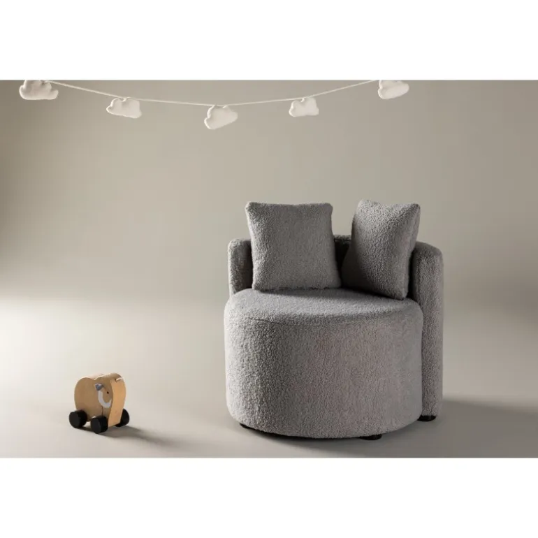 Udforsk Kelso – den perfekte 2 personers sofa til børn, der kombinerer komfort og charme i et gråt teddy-design. Kelso er FSC® certificeret (FSC®C177288), hvilket betyder, at den består af træ fra ansvarligt forvaltede skove, der tager hensyn til både mennesker og miljø. Med sin bløde og hyggelige overflade bliver Kelso hurtigt en favoritplads for dine små, hvor de kan slappe af og drømme sig væk. Kelso leveres med to små puder for ekstra komfort og støtte. Disse søde små detaljer tilføjer et strejf af leg til børneværelset og gør Kelso til en øjeblikkelig favorit blandt de små. Det hvide teddy-design giver Kelso en sød og krammelig karakter, hvilket gør den til det perfekte møbel til børneværelset. Uanset om den bruges til at læse eventyr, se film eller bare hygge sig, bliver Kelso et elsket sted for børnenes små eventyr. Giv dine børn et hyggeligt og blødt sted at slappe af med Kelso 2 personers sofa. Med sit charmerende design og komfortable materialer bliver Kelso en uundgåelig del af børneværelsets indretning, der skaber en følelse af varme og tryghed.
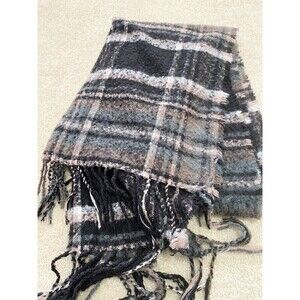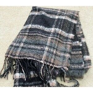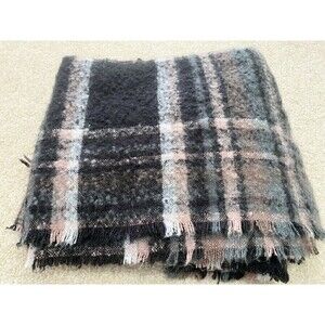 Steve Madden Black Gray Fringed Scarf Pink Plaid Striped Women Wrap Blanket L
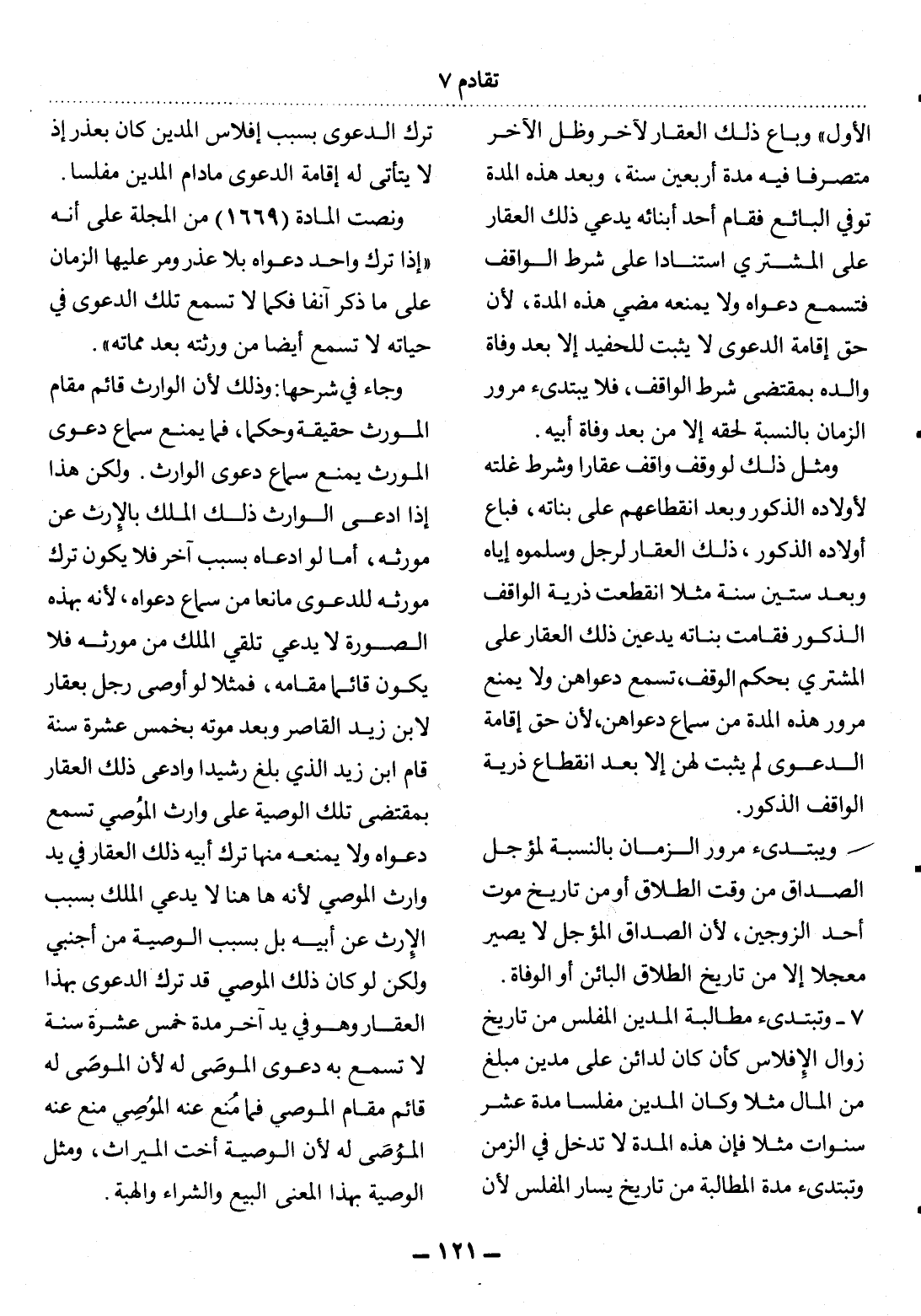 الأَْوَّل " وَبَاعَ ذَلِكَ الْعَقَارَ لآِخَرَ وَظَل الآْخَرُ مُتَصَرِّفًا فِيهِ مُدَّةَ أَرْبَعِينَ سَنَةً، وَبَعْدَ هَذِهِ الْمُدَّةِ تُوُفِّيَ الْبَائِعُ فَقَامَ أَحَدُ أَبْنَائِهِ يَدَّعِي ذَلِكَ الْعَقَارَ عَلَى الْمُشْتَرِي اسْتِنَادًا عَلَى شَرْطِ الْوَاقِفِ فَتُسْمَعُ دَعْوَاهُ وَلاَ يَمْنَعُهُ مُضِيُّ هَذِهِ الْمُدَّةِ، لأَِنَّ حَقَّ إِقَامَةِ الدَّعْوَى لاَ يَثْبُتُ لِلْحَفِيدِ إِلاَّ بَعْدَ وَفَاةِ وَالِدِهِ بِمُقْتَضَى شَرْطِ الْوَاقِفِ، فَلاَ يَبْتَدِئُ مُرُورُ الزَّمَانِ بِالنِّسْبَةِ لِحَقِّهِ إِلاَّ مِنْ بَعْدِ وَفَاةِ أَبِيهِ.
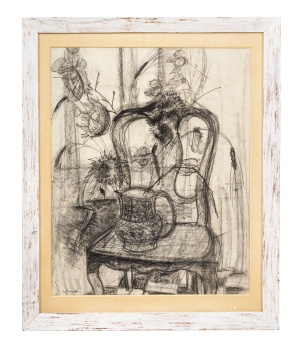 (Les Ormes, Francia 1928 - Saint Cloud 2003) "Bodegón de silla y jarra" Firmado: C. Dechezelle Carboncillo / Papel 60 x 49 cm. ; 74,5 x 61,5 cm. (con marco) Exposición en la Galería Bernier 1969. París
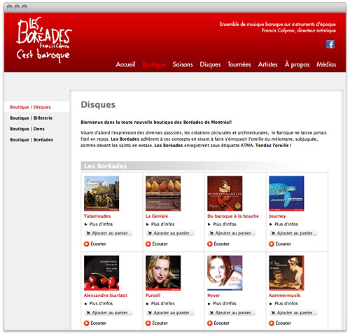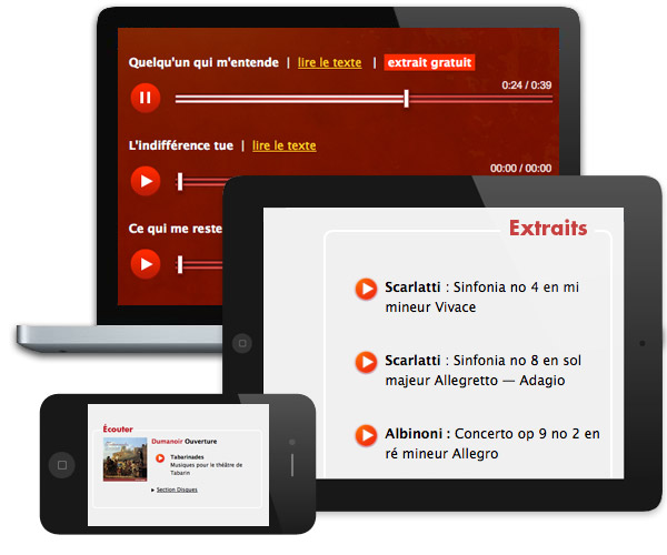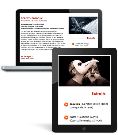 La clientèle fréquentant les sites traitant de musique est variée. Le profil des usagers est très diversifié. Le défi de GPS est de savoir adapter sa technologie. Nous voulons que tous les visiteurs puissent apprécier le contenu du site du client. Nous nous assurons qu'ils puissent le voir et surtout, l'entendre et ce, peu importe la plate-forme utilisée. Le sur mesure y trouve alors toute sa signification. De la même façon, l'environnement visuel a été pensé avec les usagers, les amateurs de musique classique, en tête. Un visuel attrayant et moderne qui met les instruments anciens en valeur. Une facilité à naviguer qui ne détourne jamais l'attention de l'usager. Et un site qui fonctionne de la même façon, quelque soit la plateforme ou le navigateur. Tout ce que vous avez à faire est de presser le bouton "Play" et vous laisser conquérir.
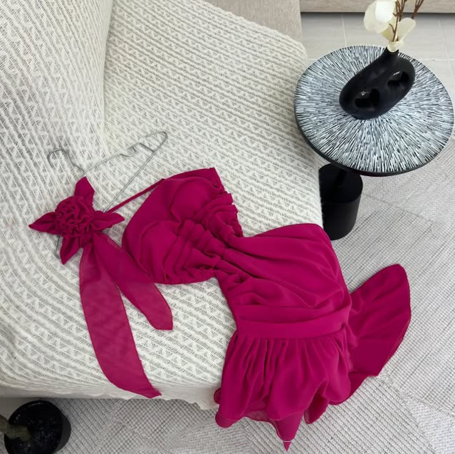 Pink Fashion Elegant Floral Long Chiffon Ruffle Ball Gown Evening Dress Party Dress nv3560
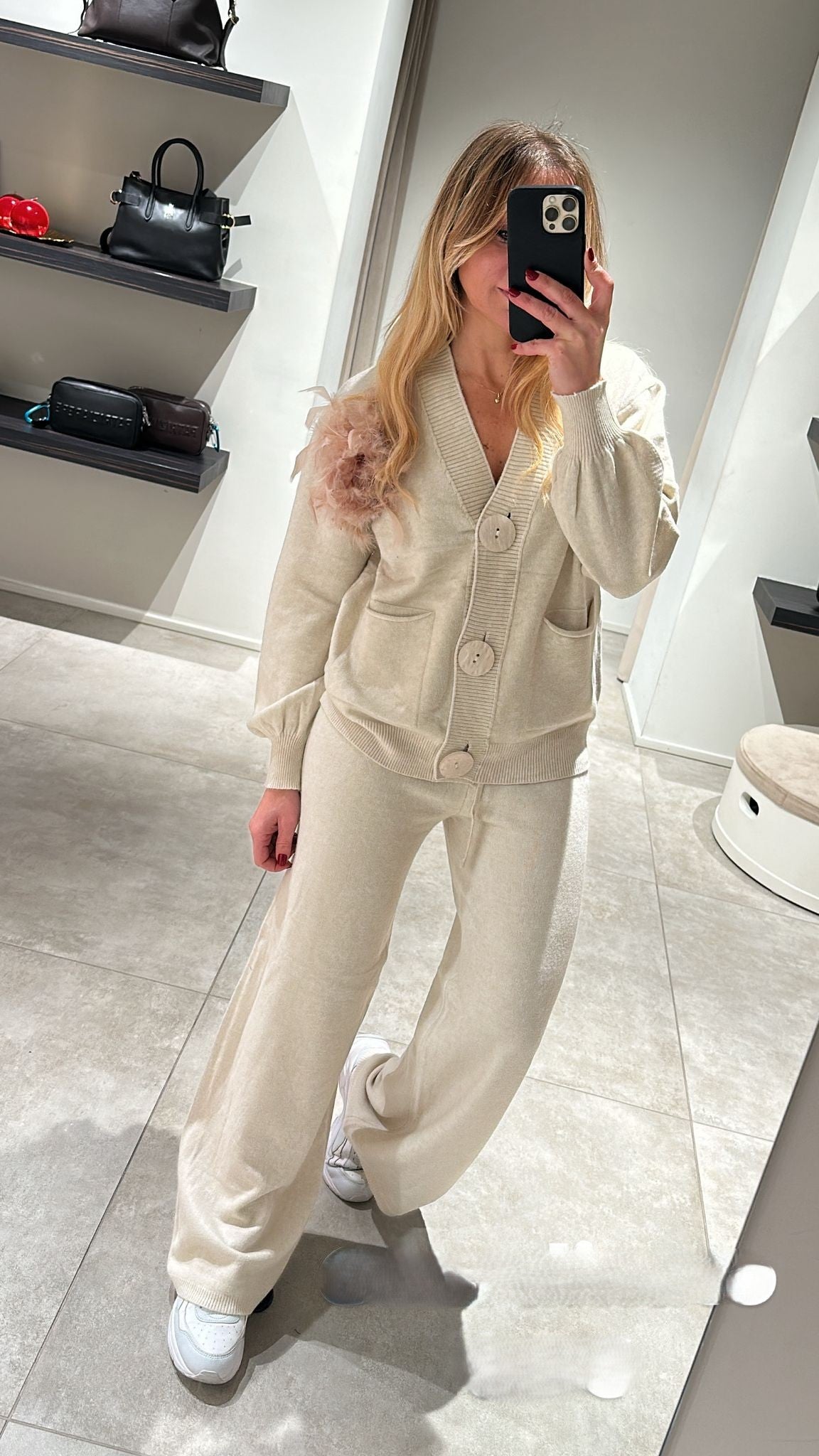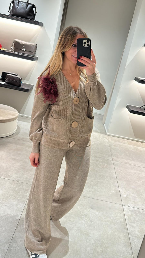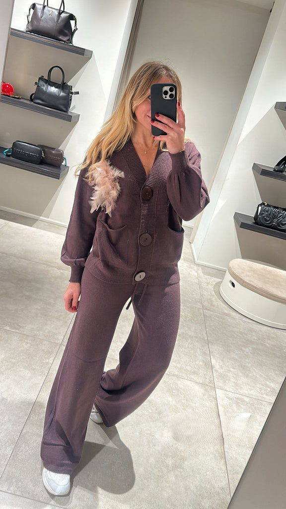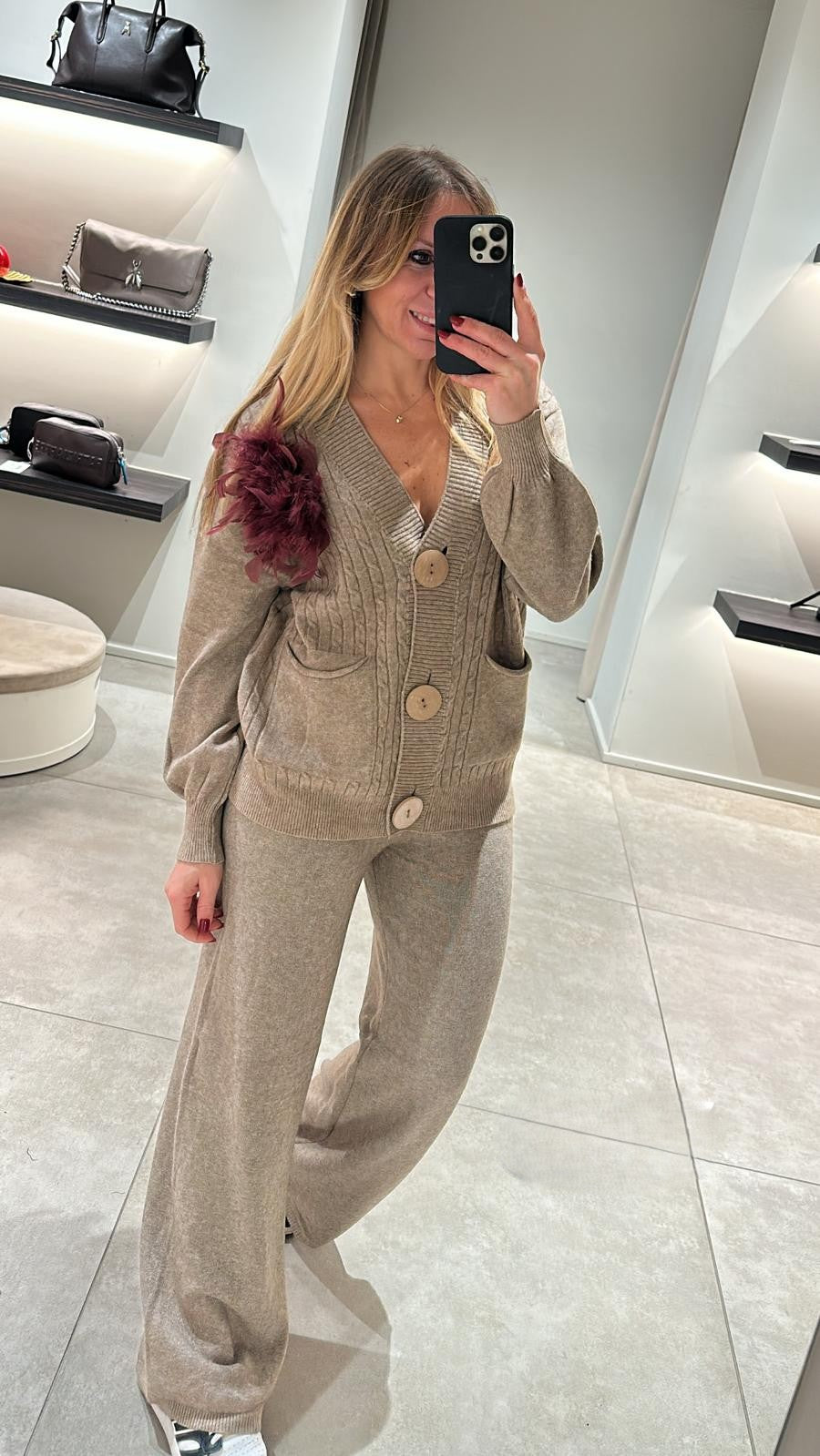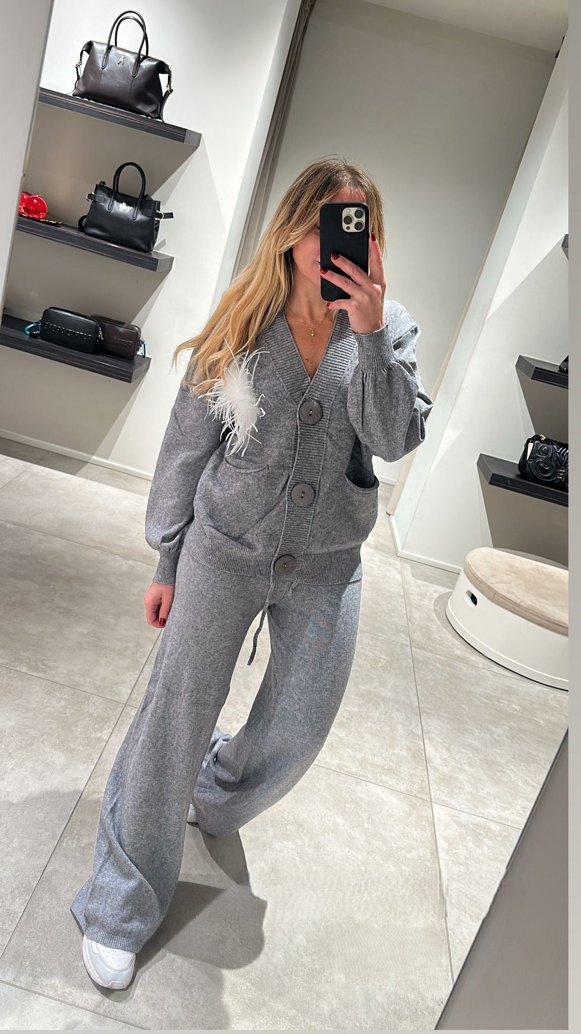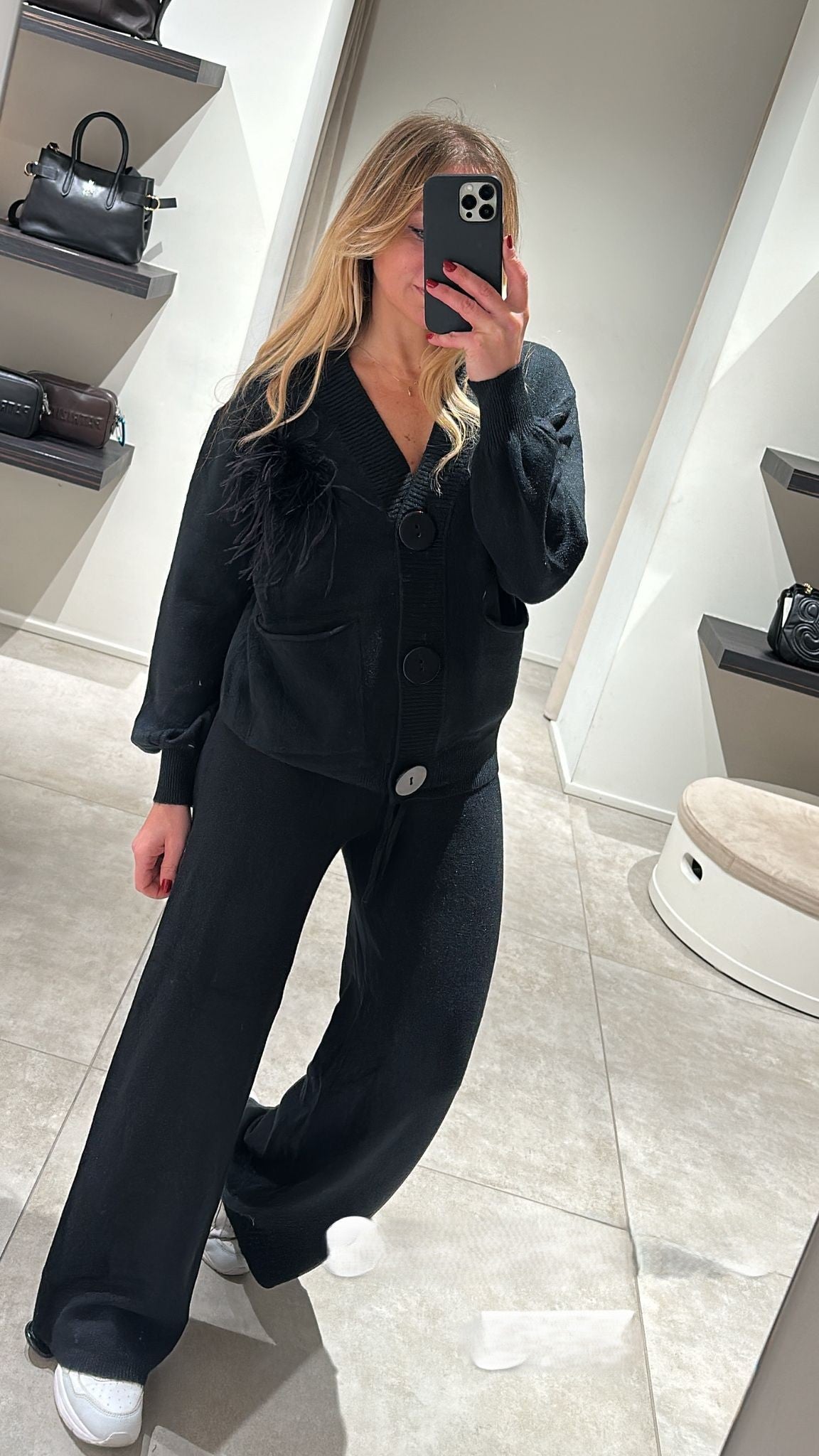 COORDINATO CARDIGAN CON PIUME E PANTALONE
^^^^^^^^
- Work request: Your answer should hold only the lines from the line with "La clientèle fréquentant" through the closing line of the records, restated exactly and free of pictures.

- Your response:
 La clientèle fréquentant les sites traitant de musique est variée. Le profil des usagers est très diversifié. Le défi de GPS est de savoir adapter sa technologie. Nous voulons que tous les visiteurs puissent apprécier le contenu du site du client. Nous nous assurons qu'ils puissent le voir et surtout, l'entendre et ce, peu importe la plate-forme utilisée. Le sur mesure y trouve alors toute sa signification. De la même façon, l'environnement visuel a été pensé avec les usagers, les amateurs de musique classique, en tête. Un visuel attrayant et moderne qui met les instruments anciens en valeur. Une facilité à naviguer qui ne détourne jamais l'attention de l'usager. Et un site qui fonctionne de la même façon, quelque soit la plateforme ou le navigateur. Tout ce que vous avez à faire est de presser le bouton "Play" et vous laisser conquérir.
 Pink Fashion Elegant Floral Long Chiffon Ruffle Ball Gown Evening Dress Party Dress nv3560
 COORDINATO CARDIGAN CON PIUME E PANTALONE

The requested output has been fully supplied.